PROJECT SUMMARY
Over 1.5 million US adults are diagnosed with type 2 diabetes (T2D) each year. These newly diagnosed
individuals are at increased risk of developing debilitating complications, including renal disease, strokes, and
myocardial infarctions. However, individuals differ widely in their likelihood of experiencing these adverse
outcomes. Individual risk varies based on a complex interplay between pathophysiology, responsiveness to
treatment, and patient capacity for self-management and making sustained lifestyle changes. Early T2D
glycemic control provides a lasting benefit ("metabolic memory"); therefore, strategies that enable the
effective targeting and tailoring of T2D care starting in the initial period after diagnosis may result in
better long-term health outcomes. Implementing individually-tailored care strategies requires substantially
more effective risk prediction tools than are currently available. This R21 proposal seeks to apply advanced
analytic prediction modeling methods to a rich source of electronic health record (EHR)-derived clinical data
(assessed at the time of initial diagnosis and after a year of standard management) to define individual patient
risk profiles. These patient risk profiles will incorporate differences in disease physiology (e.g., reflected in
factors such as age, BMI, hemoglobin A1c at diagnosis), treatment responsiveness, and early self-
management results (e.g., medication adherence, weekly exercise levels, weight loss). This R21 leverages an
established, well-characterized cohort of adults with incident, newly-diagnosed T2D (n=67,575) within Kaiser
Permanente Northern California.

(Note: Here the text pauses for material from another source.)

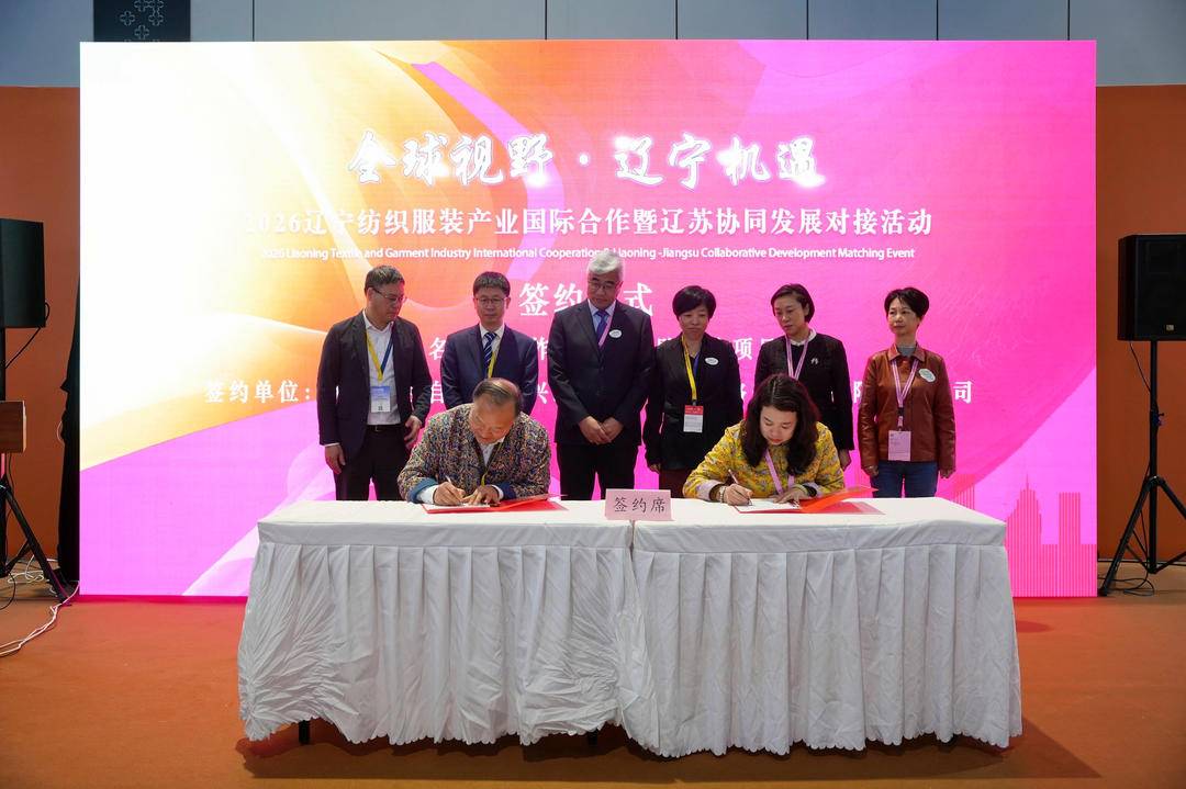 マッチングイベントでは、遼寧省紡織ファッション協会が本省の産業優位性と協力意向について主旨紹介を行い、大連、丹東、遼陽がそれぞれ産業エコシステム、特色ある優位性、転換・高度化についてテーマ別に紹介した。会場では調印式が行われ、丹東市工業情報化局と江蘇蘇豪中天、興城水着産業クラスターと江蘇蘇豪雲商などが5件の協力協定に調印し、協力合意に達した。

We will apply advanced machine learning-based modeling methods (e.g.,
random forests, LASSO, extreme gradient boosting) to complete the following Aims: 1) Develop and validate a
predictive model using EHR-derived patient data available at T2D diagnosis to identify patients at increased
risk of suboptimal glycemic control over the five years following diagnosis and 2) Modify the Aim 1 model by
incorporating clinical predictors captured during the first year following T2D diagnosis. We hypothesize that the
unique information available at these two time points (i.e., initial diagnosis and after one year of standard
treatment) can be used to individualize both initial and subsequent early care for patients with newly diagnosed
T2D. If successful, this project's results can be applied to support targeted T2D care strategies tailored to each
individual's risk of suboptimal five-year glycemic control (and later micro and macrovascular complications)
based on differences in disease physiology, treatment response, and early self-care. This work will form the
foundation for innovative, pragmatic clinical trials that advance our ultimate goal of providing proactive and
effectively tailored early care that results in better long-term health outcomes for adults with T2D.